Source Libération du 10 mai 2021 par Damien Dole
Des rassemblements de l’intersyndicale des Finances publiques étaient organisés ce lundi dans toute la France contre les fermetures annoncées et la dégradation des conditions de travail des agents. A Paris, ils étaient une grosse centaine de manifestants place Saint-Sulpice.
«Sous le soleil du printemps, on voit que les colères sociales commencent à se déconfiner.» A travers le bruit continu de la majestueuse fontaine de la place Saint-Sulpice, dans le VIe arrondissement de Paris, un membre de Solidaires finances publiques se voulait lyrique. Une envolée qui tranche avec la situation, que tous les orateurs de son secteur qualifient d’orageuse. Conditions de travail, fermetures de centres des impôts, accueil qui se dégrade à cause de directives séparant l’agent public de l’usager… Les griefs étaient nombreux pour la grosse centaine de fonctionnaires en grève ce lundi et réunis devant la Direction générale des finances publiques.
Pour contrebalancer les disparitions programmées de centaines de centres des impôts ainsi que les lois NRP («Nouveau réseau de proximité») et Dussopt, fustigées par tous les grévistes présents place Saint-Sulpice, l’intersyndicale (Solidaires, CGT, Force ouvrière, CFDT et CFTC) a rédigé une plateforme de 50 revendications, laissée lettre morte par la hiérarchie selon les syndicats. «Les finances publiques, ce sont nous, les agents qui les défendront, pas nos directions», assène ce lundi Marie Dall’Osto-Astavun, de Force ouvrière.
La disparition progressive des services publics est une crainte qui se matérialise depuis plusieurs décennies. Pour les Finances publiques, l’affaire s’est accélérée. Au début des années 2000, ils étaient 140 000 agents, contre 100 000 aujourd’hui. Rien qu’à Paris cette année, 225 postes ont été supprimés, en pleine crise sociale et économique. «Certaines de nos missions ne pouvaient pas être à l’arrêt pendant le premier confinement sinon la société tout entière l’était, signale Sandra Demarcq, de Solidaires finances publiques. Et c’est normal : on est attaché à rendre service à la population. Mais cela devient de plus en plus difficile.»
Plusieurs agents du centre des impôts de la rue de Boucry, situé à deux pas de la porte de la Chapelle, se sont mobilisés ce lundi. Des populations parmi les plus précaires et défavorisées de la capitale en dépendent. Des très pauvres, des personnes qui ne parlent pas très bien français, qui ont besoin d’avoir un papier des impôts, précieux sésame qui permet de prouver à d’autres services qu’ils existent et sont dans les clous. Mais le centre doit fermer ses portes en 2022. Les particuliers devront alors aller à celui de Grande Carrière, à plus de trente minutes à pied, quand les entreprises devront carrément se diriger dans le XIXe arrondissement dès novembre.

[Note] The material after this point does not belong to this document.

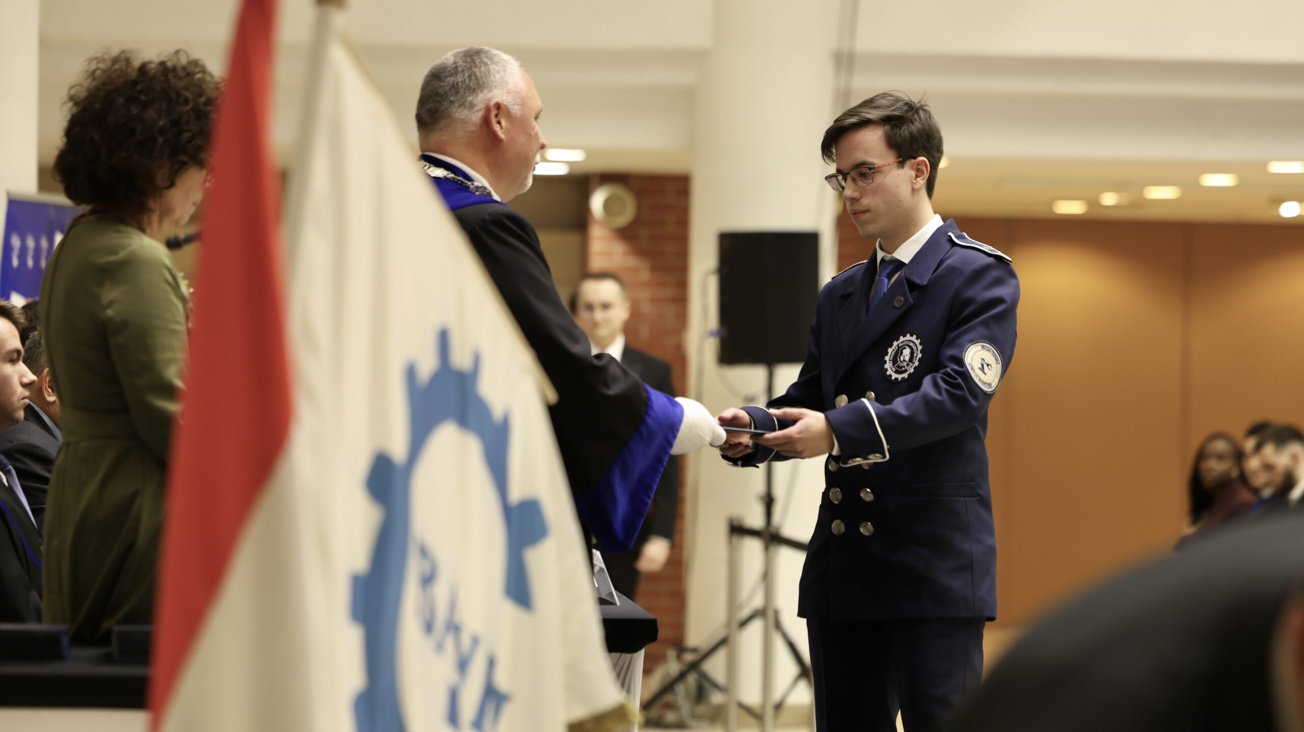 A fogadalomtételt követően Barta Andrea dékáni hivatalvezető búcsúztatására került sor, aki több, mint 10 éven keresztül látta el a hivatalvezetői feladatokat, és nemcsak szakmai tudásával, hanem emberségével, figyelmességével és támogató jelenlétével is gazdagította közösségünket. Számtalan sikeres Kari programot, gyermeknapokat, nyári egyetemeket, a Tésztahíd-építő Világbajnokság egyes állomásait köszönhettük kitartó munkájának. Részére Dékán úr emléktárgyat adományozott. A hallgatók nevében Rédei Regő, a Hallgatói Önkormányzat nevében is elbúcsúztatta Barta Andreát és emléktárgyat adományozott a részére, majd a végzett hallgatóinkhoz intézte ünnepi beszédét. Beszéde végén Sebestyén Ágota Lina végzett hallgatót invitálta a színpadra, akinek emléktárgyat adott át kiemelkedő közéleti szerepvállalásáért.

«Notre boulot se rapproche de celui d’une assistante sociale, explique Hervé qui travaille dans le centre de la rue de Boucry depuis six ans. Quelqu’un a besoin de mon aide, je suis là pour lui. Mais là, avec notre fermeture, ça va encore plus précariser des populations déjà précaires.» Thomas, son collègue (1) à Boucry, abonde : «Plein de réformes sont tombées dernièrement. Même pour quelqu’un qui parle couramment le français peut s’embrouiller. Alors imaginez pour celui ou celle qui ne parle pas la langue…»

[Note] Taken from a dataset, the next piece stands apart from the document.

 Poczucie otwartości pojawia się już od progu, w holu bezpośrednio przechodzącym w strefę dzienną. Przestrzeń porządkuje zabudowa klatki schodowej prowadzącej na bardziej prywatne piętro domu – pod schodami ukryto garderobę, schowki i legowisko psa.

«Il y a un cas par personne, aucune situation fiscale n’est identique à une autre. Comment quelqu’un formé en quelques jours peut-il traiter correctement les dossiers et répondre aux questions ?»— Thomas, du centre de la rue de Boucry
Le service des entreprises de Grande Carrière doit lui aussi partir dans le XIXe arrondissement, pour laisser de la place aux usagers de la rue de Boucry. «Notre centre n’est pas du tout dimensionné pour recevoir autant de monde, coupe Sandra Demarcq, de Solidaires finances publiques. Et nous sommes dans un bâtiment en copropriété. Que vont dire les habitants quand des files de plusieurs dizaines, voire plus de 100 personnes, seront devant chez eux tous les matins ?» Thomas, de Boucry, soupire : «Des gens sont là à 7 heures alors qu’on ouvre à 9 heures. On a déjà reçu jusqu’à 180 personnes en quatre heures ! Et on sait d’avance que ceux qui font la queue le matin ne pourront pas tous être reçus. Comment pourraient-ils l’être à Grande Carrière ?»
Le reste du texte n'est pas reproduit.